WASHINGTON (Reuters) - The U.S. Supreme Court on Monday set aside a ruling that said Myriad Genetics Inc could patent two genes linked to breast and ovarian cancers, and ordered further review by a lower court in light of a conflicting ruling in a similar case.
The Myriad case has been closely watched by the biotechnology industry, with some insiders suggesting that a ruling against gene patenting could have a devastating effect on future innovation.
That includes the fledgling field of personalized medicine, which depends on genetic tests, such as those developed by Myriad, to match patients with specific therapies.
The justices delayed any action on the ruling by the U.S. Court of Appeals for the Federal Circuit that Myriad has the right to patent two human genes, known as BRCA1 and BRCA2, that account for most inherited forms of breast and ovarian cancers.
The Supreme Court ruled last week in a separate case involving medical diagnostics that companies cannot patent observations about a natural phenomenon. On Monday, it asked the lower court to revisit the Myriad case to view how it may or may not relate to that decision.
The move is expected to delay a verdict in the Myriad case by as much as several years. In the case of the individual company, that may give it enough time to benefit from the use of its contested patents. Shares in Myriad rose over 3 percent.
“Our intellectual property consultant could potentially see a scenario where the case doesn’t move its way back to the Supreme Court for another 2 to 3 plus years, keeping the BRACAnalysis franchise safe from competition,” said Junaid Husain, a research analyst for Dougherty & Co.
Women who test positive using Myriad’s gene test, called BRACAnalysis, have an 82 percent higher risk of developing breast cancer and a 44 percent higher risk of ovarian cancer in their lifetimes. Such tests could help determine a future course of therapy.
The appeals court by a 2-1 vote had ruled the genes isolated by the company could be patented because Myriad is testing for distinctive chemical forms of the genes, and not as they appear naturally in the body. The dissenting judge said the genes could not be patented just because they were isolated from the body.
The patents granted to Myriad give the company the exclusive right to perform the genetic tests. The appeals court in its ruling in July also found that Myriad’s method for screening potential therapies can be patented.
The appeals court had overturned a ruling by a federal judge in New York that the genes could not be patented.
Michael Yee, biotech analyst for RBC Capital Markets, said the Supreme Court not taking up the case on Monday was positive for the biotechnology industry.
Yee said he believes the courts will ultimately uphold Myriad’s patents, but does not agree that a ruling against Myriad would upend the biotech industry, as some have suggested.

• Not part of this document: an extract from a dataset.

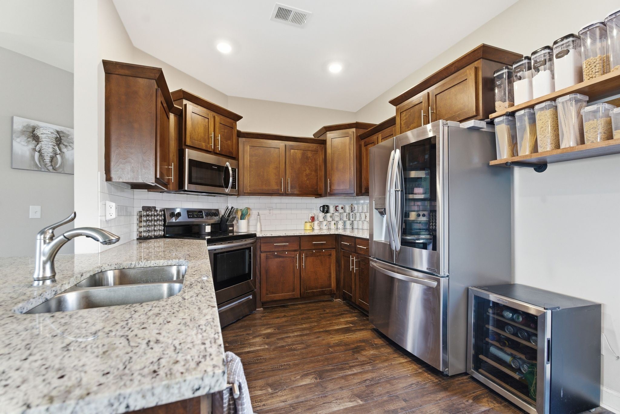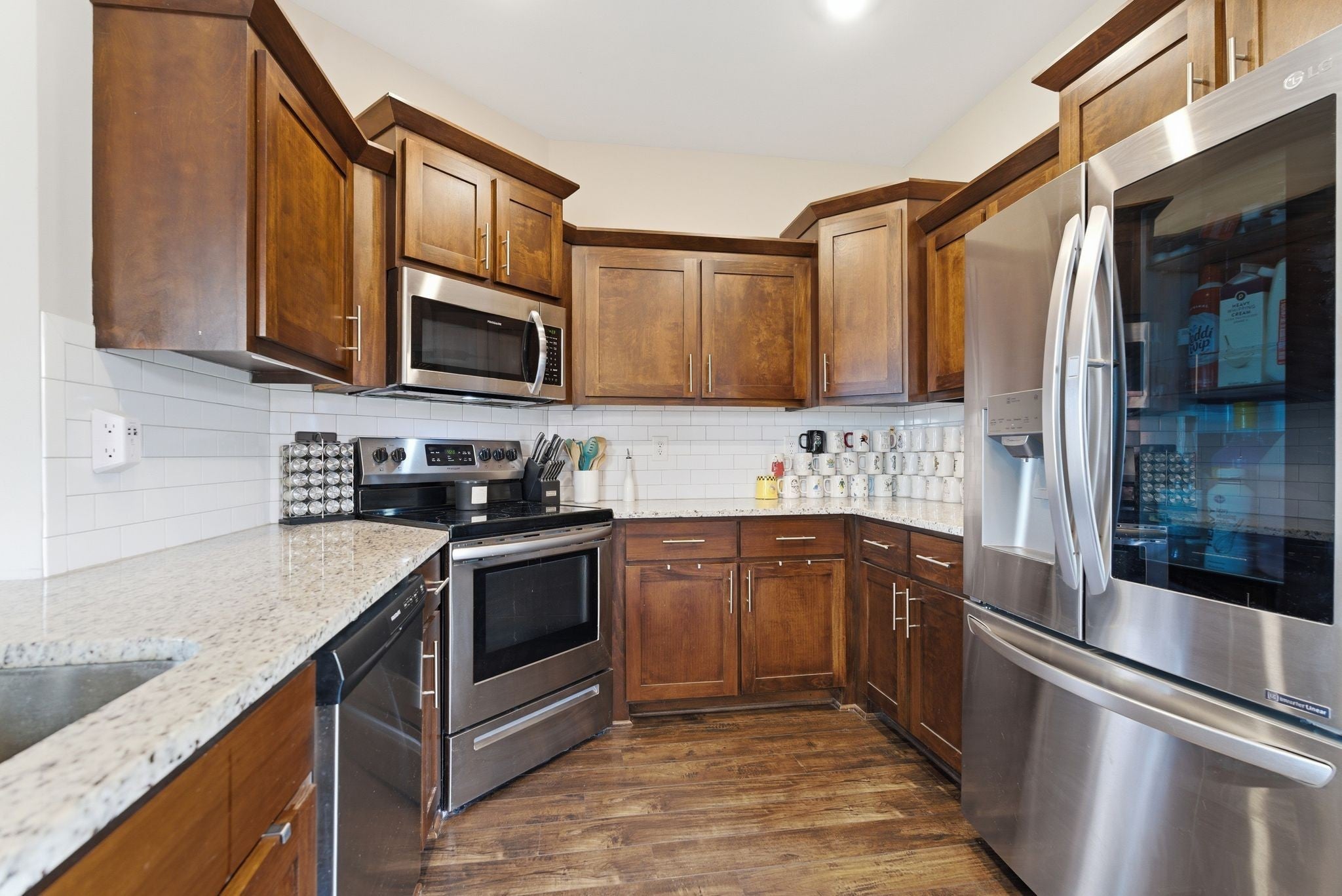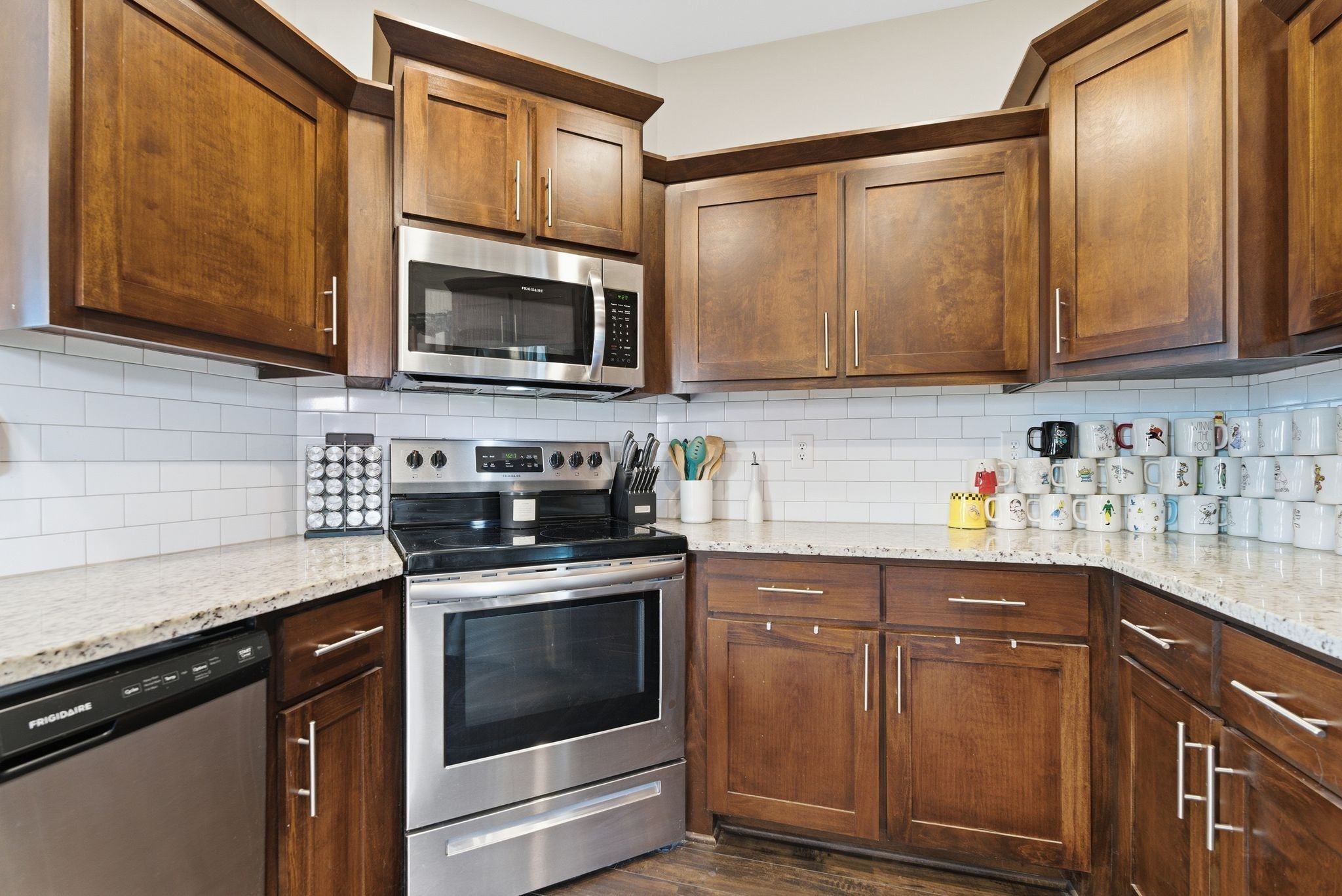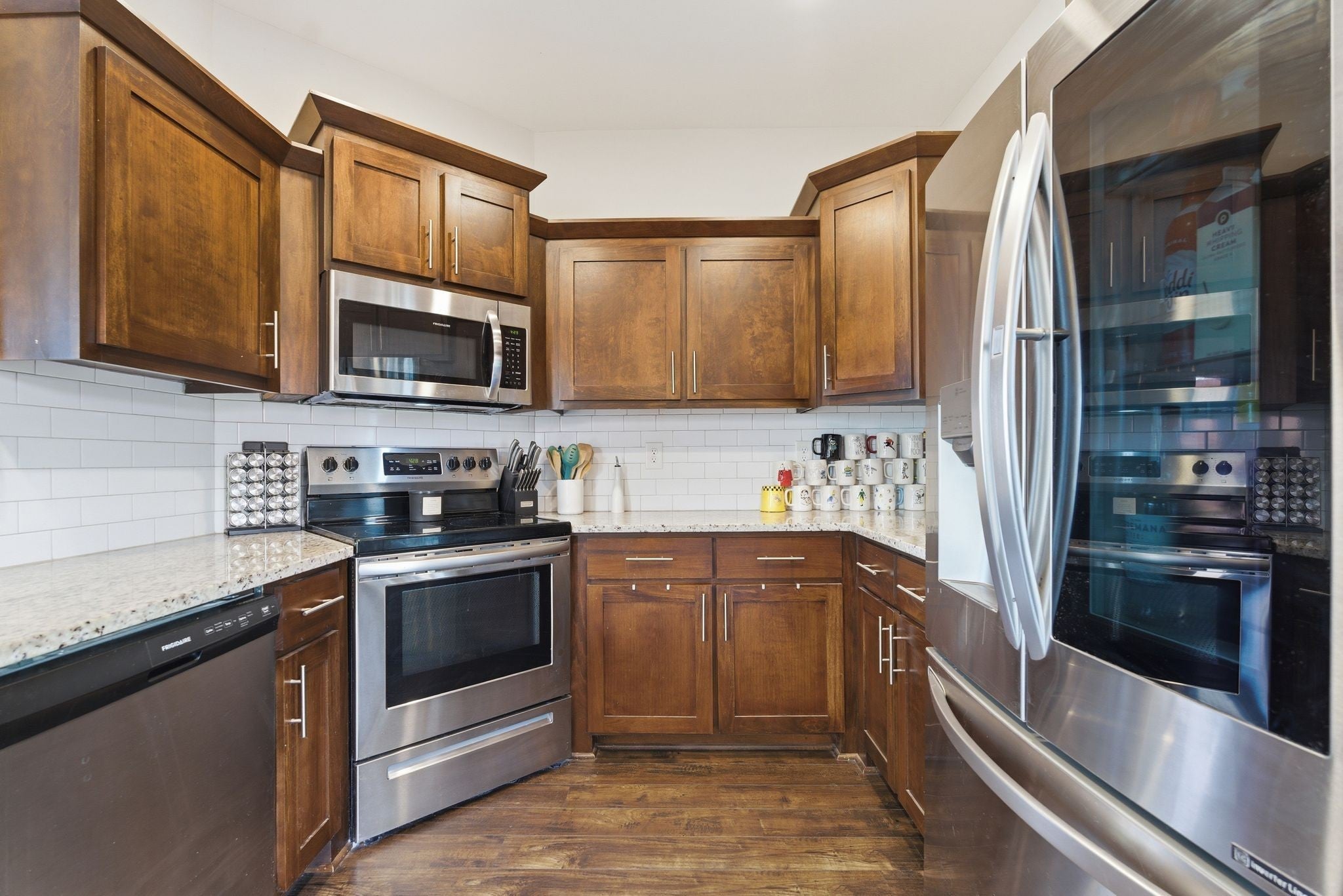 - Electric Oven, Electric Range, Dishwasher, Disposal, Dryer, Microwave, Refrigerator, Stainless Steel Appliance(s), Washer

“Biotechs have patents and intellectual property for proteins, antibodies, chemical entities and other composition of matter patents that support development of drugs,” Yee said.
While biotechs will likely continue to develop lucrative medicines regardless of the case’s ultimate outcome, a decision against gene patenting could hurt small diagnostics companies that depend on exclusive rights to such tests for revenue and could slow advances in personalized medicine.

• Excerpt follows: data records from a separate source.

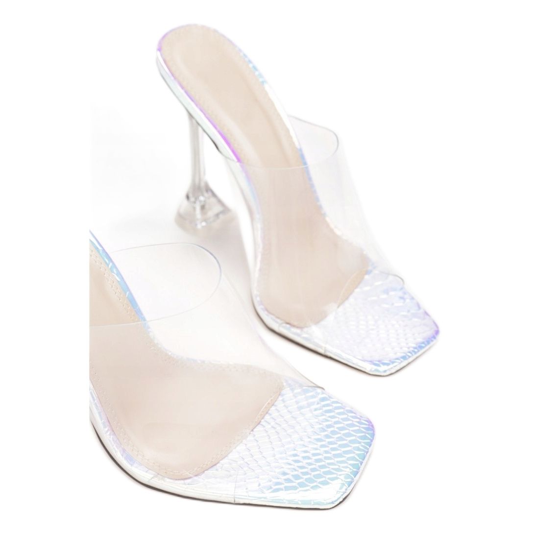 These flip-flops feature a rounded toe and open toes, allowing your feet to breathe freely and revealing an elegant manicure. The transparent silicone strap perfectly adapts to your foot, while the metallic insert decorated with fish scale embossing adds a unique character.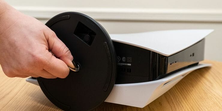 Além disso a base foi ligeiramente redesenhada e mostra uma nova braçadeira que se conecta ao Playstation 5. É uma pequena mudança e sutil, mas irá ajudar a tornar sua configuração inicial um pouco mais direta. E curiosamente, o número de série também mudou de CFI-1000 para CFI-1102A.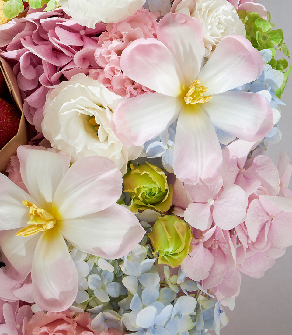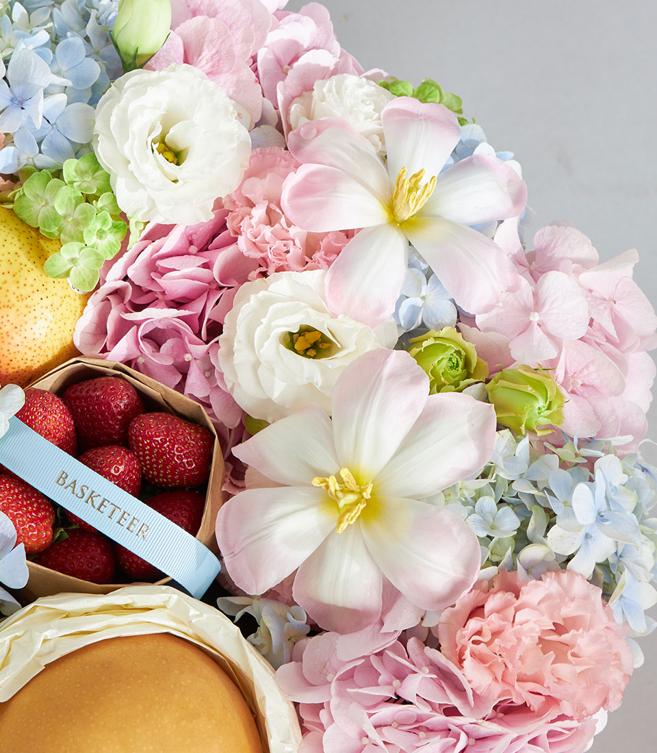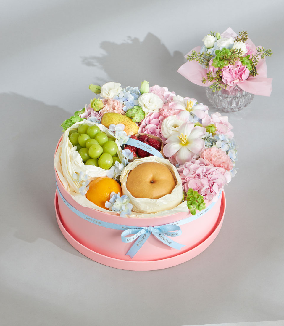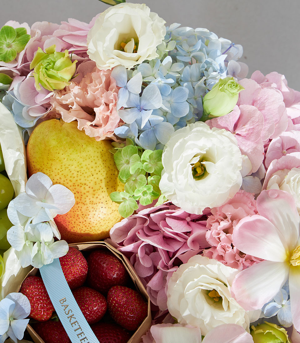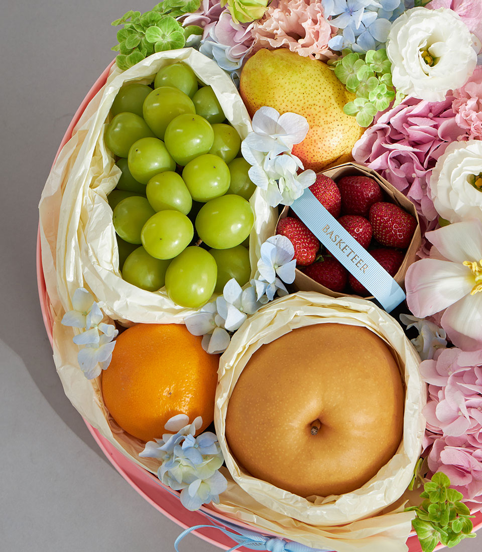 A soft and elegant round box arrangement featuring premium imported fruits — including Shine Muscat grapes, fresh strawberries, Korean pear, mixed pears, and Sunkist orange. Paired with a delicate pastel floral composition of hydrangeas, lisianthus, carnations, and seasonal blooms, this luxurious gift expresses heartfelt care, warmth, and refined beauty. Perfect for birthdays, appreciation, recovery wishes, and meaningful gifting with same-day delivery in Bangkok.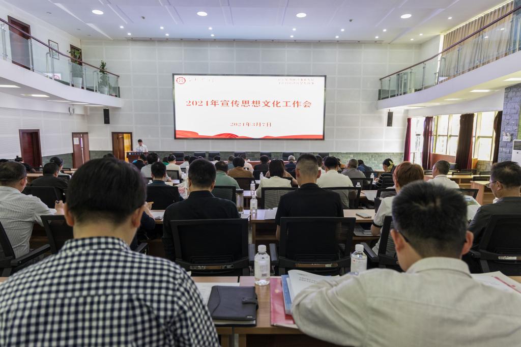 为深入学习贯彻习近平文化思想,全面贯彻落实全国全省全市宣传思想文化、网络安全和信息化以及宣传部长工作会议要求,总结回顾2023年工作,对2024年全校宣传思想文化工作进行安排部署,3月7日下午,beat365在图书馆学术报告厅召开全校宣传思想文化工作会议。党委书记胥刚出席会议并讲话,党委副书记刘立新出席会议并作工作部署。学校机关教辅单位负责人、各直属党组织书记、各二级教学单位书记、分管副书记参加会议。会议由党委常委、宣传部部长朱云生主持。

“We will likely begin to see more copycat diagnostic tests rather than innovative tests over the next few years,” according to a report by GlobalData, which compiles and analyzes industry data.

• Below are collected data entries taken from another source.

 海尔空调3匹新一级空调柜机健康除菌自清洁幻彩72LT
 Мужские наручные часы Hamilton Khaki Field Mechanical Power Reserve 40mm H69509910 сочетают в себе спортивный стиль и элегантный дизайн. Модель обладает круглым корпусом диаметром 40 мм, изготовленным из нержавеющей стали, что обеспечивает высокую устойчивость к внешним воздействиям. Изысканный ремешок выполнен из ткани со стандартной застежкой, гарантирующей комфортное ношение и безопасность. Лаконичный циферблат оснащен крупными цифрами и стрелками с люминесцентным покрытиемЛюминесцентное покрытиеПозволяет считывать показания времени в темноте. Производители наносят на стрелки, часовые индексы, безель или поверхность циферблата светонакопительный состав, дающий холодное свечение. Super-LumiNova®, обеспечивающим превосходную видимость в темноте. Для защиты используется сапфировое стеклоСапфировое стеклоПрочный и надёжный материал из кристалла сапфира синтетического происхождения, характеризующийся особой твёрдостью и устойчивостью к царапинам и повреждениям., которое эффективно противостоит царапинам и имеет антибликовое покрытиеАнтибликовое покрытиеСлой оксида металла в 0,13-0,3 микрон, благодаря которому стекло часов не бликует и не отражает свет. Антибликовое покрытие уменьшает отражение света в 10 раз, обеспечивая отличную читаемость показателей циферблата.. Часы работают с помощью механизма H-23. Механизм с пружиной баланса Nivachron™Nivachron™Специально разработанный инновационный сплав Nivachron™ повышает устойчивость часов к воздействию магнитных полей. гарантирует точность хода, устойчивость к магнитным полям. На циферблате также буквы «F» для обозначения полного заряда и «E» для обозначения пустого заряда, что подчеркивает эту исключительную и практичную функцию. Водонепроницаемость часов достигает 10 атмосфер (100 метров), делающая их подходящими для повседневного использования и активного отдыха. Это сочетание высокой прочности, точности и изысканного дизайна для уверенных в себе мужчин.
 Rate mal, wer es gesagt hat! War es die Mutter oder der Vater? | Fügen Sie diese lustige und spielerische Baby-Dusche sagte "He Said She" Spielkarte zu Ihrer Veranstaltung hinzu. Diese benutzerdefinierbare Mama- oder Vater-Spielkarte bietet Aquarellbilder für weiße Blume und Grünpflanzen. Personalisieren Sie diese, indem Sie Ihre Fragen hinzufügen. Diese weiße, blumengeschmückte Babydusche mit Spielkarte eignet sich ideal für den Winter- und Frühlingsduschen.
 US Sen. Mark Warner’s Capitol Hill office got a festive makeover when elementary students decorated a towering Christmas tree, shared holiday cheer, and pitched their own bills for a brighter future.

The initial lawsuit filed against Myriad in 2009 claimed the patents violated patent law, restricting scientific research and patients’ access to medical care. Some groups have protested that patenting human DNA is immoral and unethical and impedes genetic research.
The appeal to the Supreme Court was backed by a number of organizations representing healthcare professionals, including the American Medical Association, and other groups.
The appeal argued that the question of whether genes and the information they convey can be patented is of “paramount importance to the future of patent law, the advancement of medical science and patients’ health.”
Gregory Castanias, the attorney representing Myriad, told the Supreme Court that patents involving isolated DNA molecules have been issued for nearly 30 years, resulting in significant investment by biotechnology companies.
Castanias said the challenged patents at issue in the case were filed more than 16 years ago. He said the appeals court’s decision was correct and the “questions presented are unique to this case, factbound and unlikely to recur.”
The Supreme Court case is the Association for Molecular pathology v. Myriad Genetics, No. 11-725.